NMR Phase Error Correction with New Modelling Approaches

Abstract

Nuclear Magnetic Resonance (NMR) spectroscopy is a highly sensitive analytical technique essential for precise molecular identification and quantification. However, accurate results depend on effective pre-processing to correct for various types of errors. Phase error correction, in particular, is crucial for ensuring the reliability of NMR data. Current methods often rely on a single linear model, which may not adequately address all types of phase errors. As a result, this limitation frequently requires manual intervention, making the process both time-consuming and prone to errors.

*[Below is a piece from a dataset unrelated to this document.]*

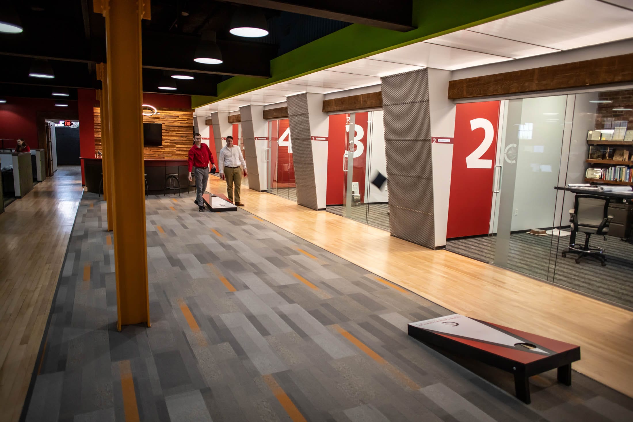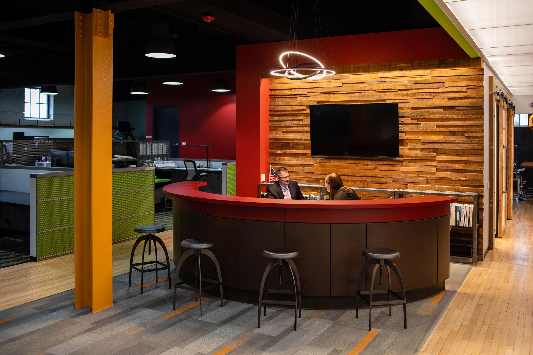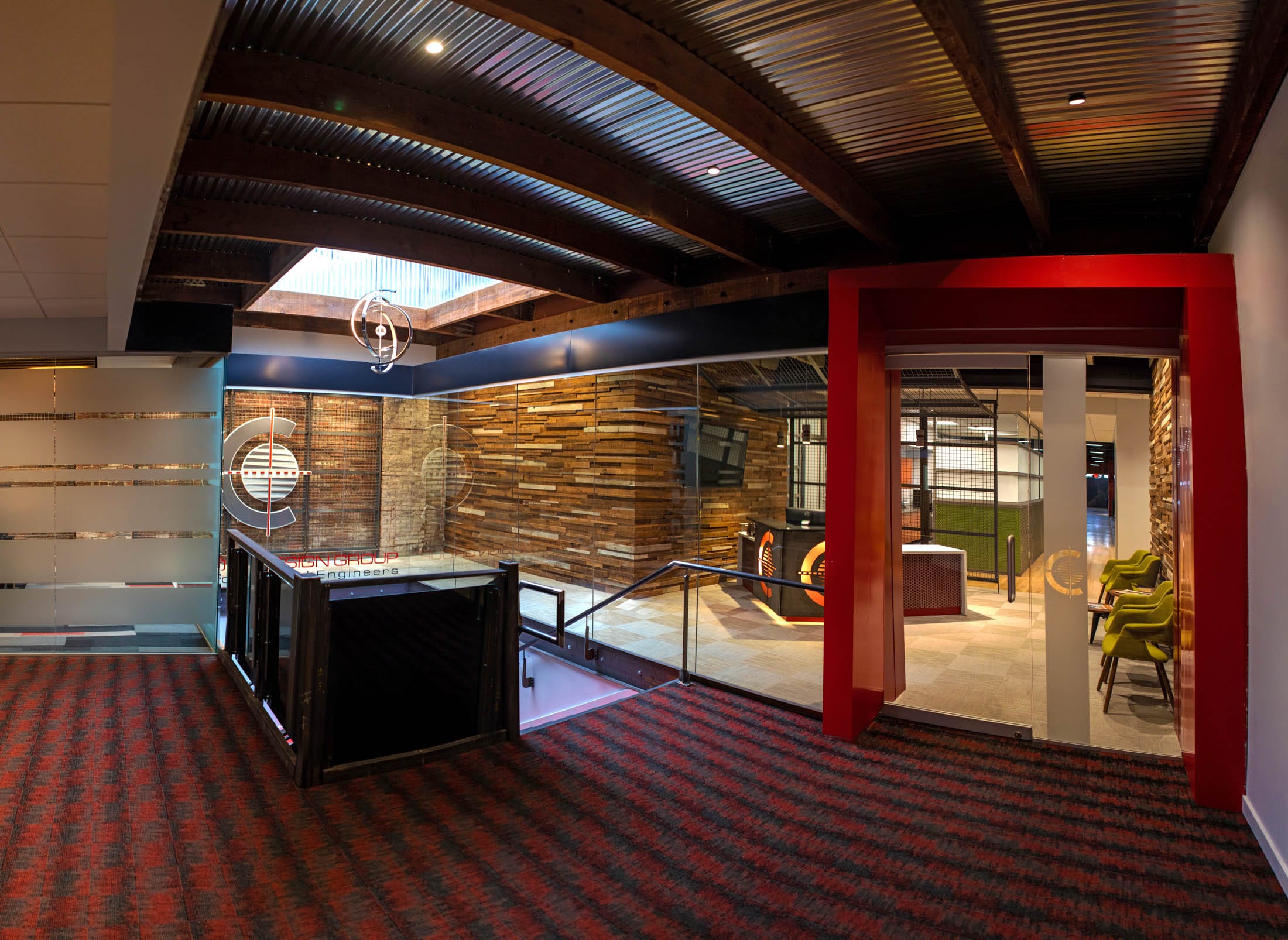 BRINGING IT ALL TOGETHER. The post-modern office provides our growing team with all the necessities and a few grace notes too: a skylight brings the sun into our two-story stair tower, lighting the path to our red entrance arch signifying you’ve arrived.

To address these limitations, we propose three modelling approaches for NMR phase error correction: nonlinear shrinkage, multiple models, and a new optimization function called delta absolute net minimization (DANM). Our comparison of seven methods revealed that nonlinear shrinkage outperformed others in both simulated spectra and a diabetes study, followed by multiple models with DANM. Additionally, our spike-in experiments demonstrated that DANM performed quite well in both single and multiple models. Our nonlinear shrinkage approach is a simple yet effective solution. We provide an open-source R package, NMRphasing, available on CRAN (https://cran.r-project.org/web/packages/NMRphasing/) and on GitHub (https://github.com/ajiangsfu/NMRphasing).